Adams Family Correspondence, volume 4

John Adams to John Quincy Adams, 20 December 1780 JA JQA John Adams to John Quincy Adams, 20 December 1780 Adams, John Adams, John Quincy
John Adams to John Quincy Adams
My dear John Amsterdam Decr. 20. 1780

I have just received a Letter from Mr. Thaxter and another from your Brother,1 and should have been equally pleased with one from you.

Write me as often as you can, and let me know what Professors you Attend and what Instructors attend you, whether you understand the Lectures &c.

39

The Lectures upon the Greek of the New Testament, I would have you all attend, and those upon Euripides, Sophocles, &c. too if you have Time, and it is thought proper.

You have now a Prize in your Hands indeed.
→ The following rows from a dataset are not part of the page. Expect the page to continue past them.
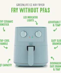 Make healthy meals quickly with the EZ Air Fryer. With its spacious 4.5QT capacity. you can simply add your food. choose your preferred time and temp. and let the EZ Air Fryer do all the work. The handy indicator lights let you know when your food is ready. and the stay-cool handle makes transferring seamless. The best part? Our signature healthy ceramic nonstick not only makes cleanup a breeze. but is free of PFAS. PFOA. lead. and cadmium so you can cook every meal without worry. For the easiest way to whip up healthy and simple meals. choose the GreenLife EZ Air Fryer.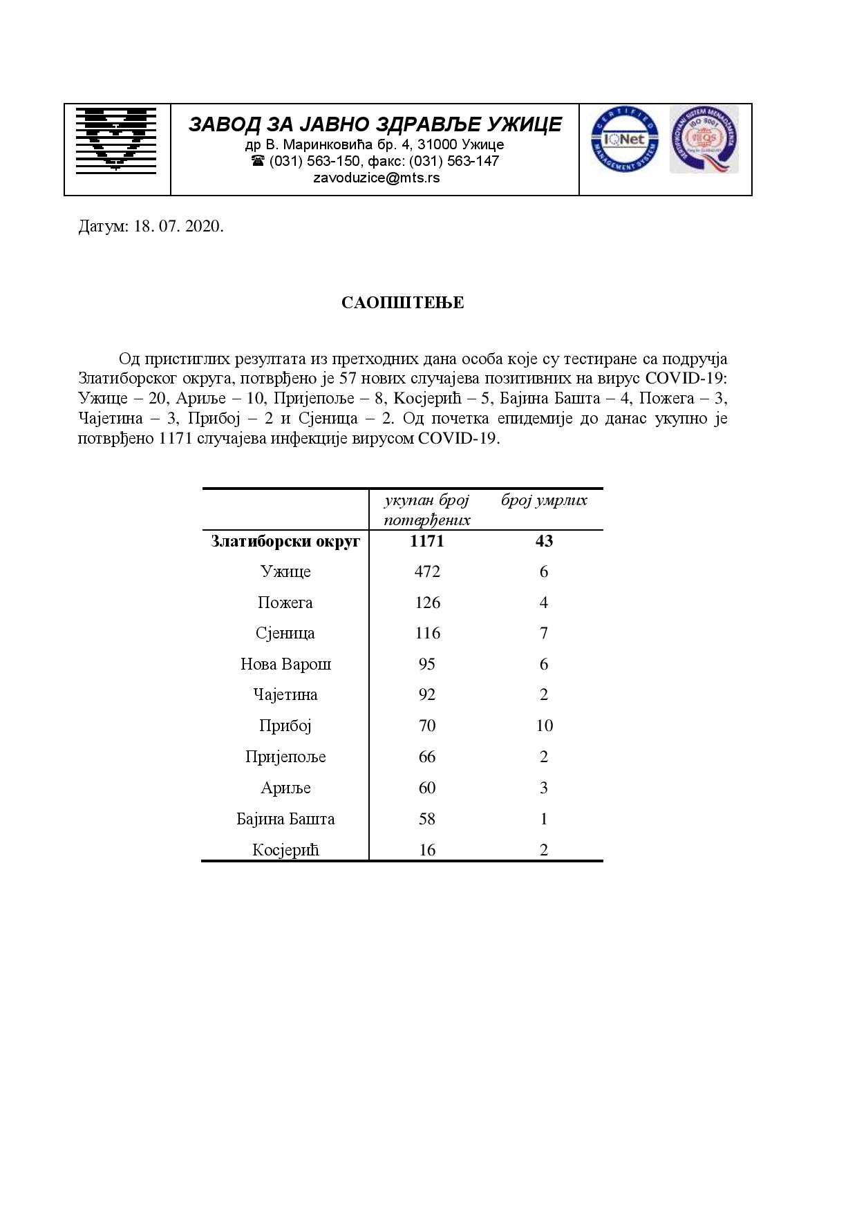 потврђено 1171 случајева инфекције вирусом COVID-19.Saopstenje za medije_18.07-page-001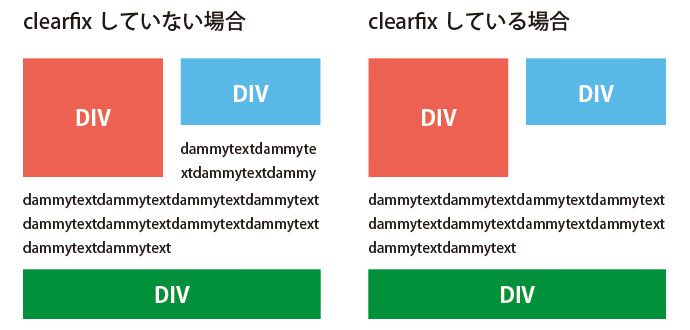 使い方はfloatの外殻にあたるdivに対してclass=”clearfix”を記述します。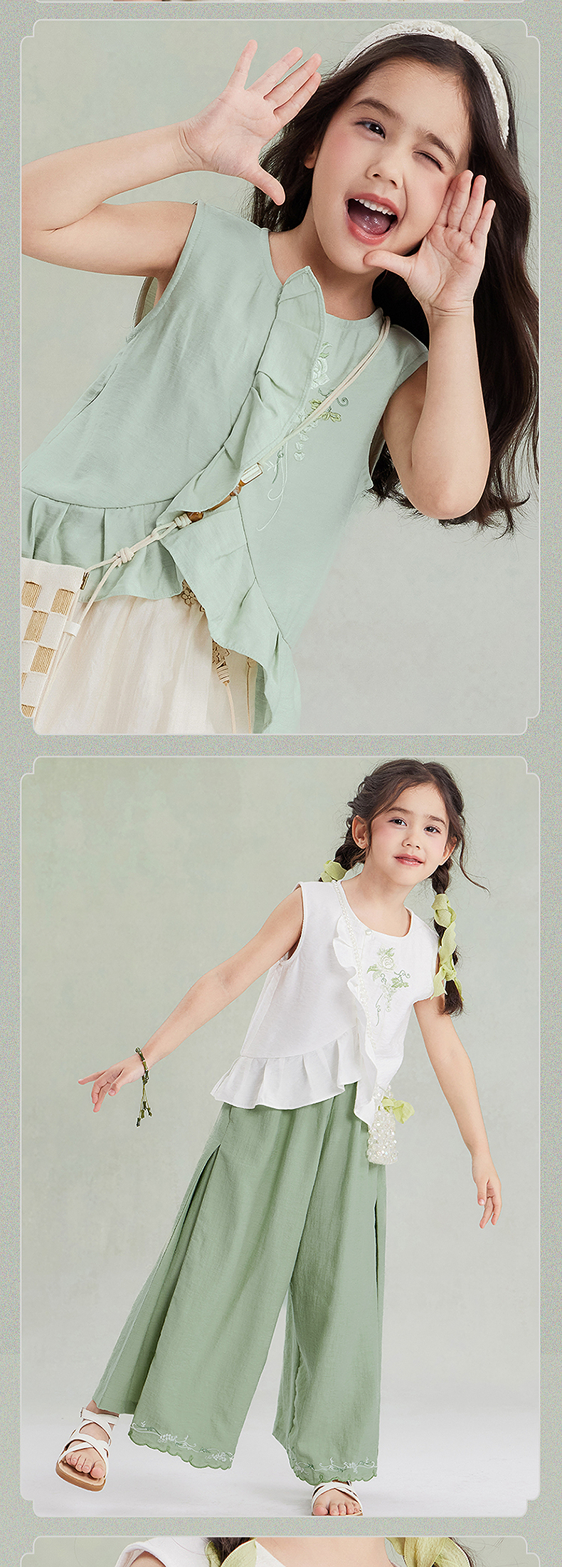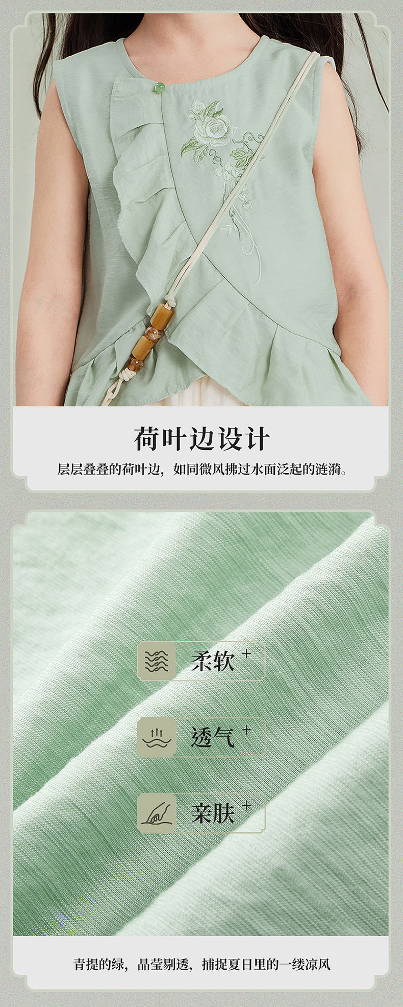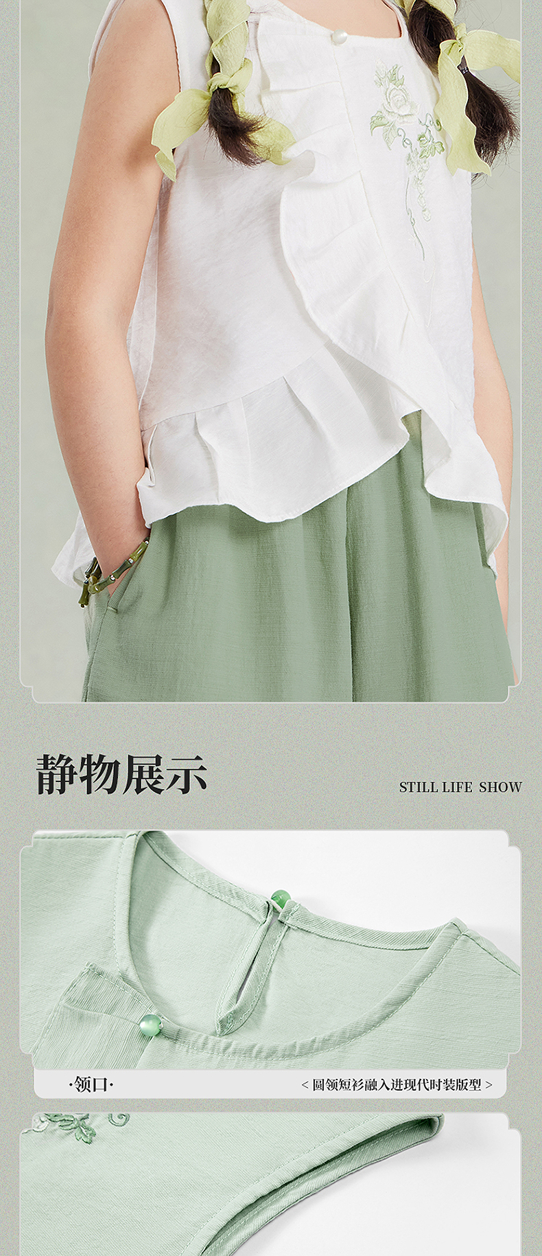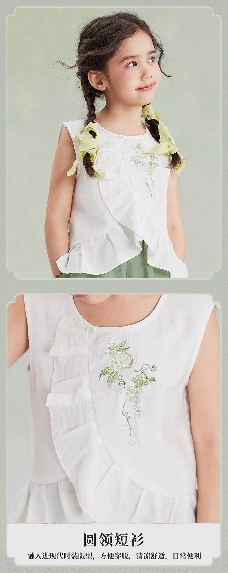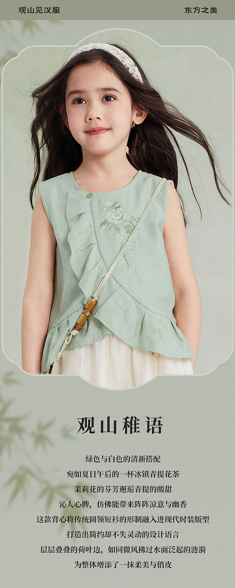 笛莎Deesha观山见女童背心2025夏季女童汉服圆领短衫

Such as if you do not improve to the best Advantage, you will be without Excuse. But as I know you have an Ardent Thirst for Knowledge and a good Capacity to acquire it, I depend upon it, you will do no Dishonour to yourself nor to the University of Leyden.

Your affectionate Father, John Adams

RC (Adams Papers).

1.

Their letters were dated on the 19th, as stated in the following letter. That of Thaxter is printed above, but CA's has not been found.

John Quincy Adams to John Adams, 21 December 1780 JQA JA John Quincy Adams to John Adams, 21 December 1780 Adams, John Quincy Adams, John
John Quincy Adams to John Adams
Honoured Sir Leyden December 21st 1780

Mr. Thaxter and brother Charles wrote both to you the day before yesterday and as I had no subject to write upon, I did not write But I can now give you an account of our journey.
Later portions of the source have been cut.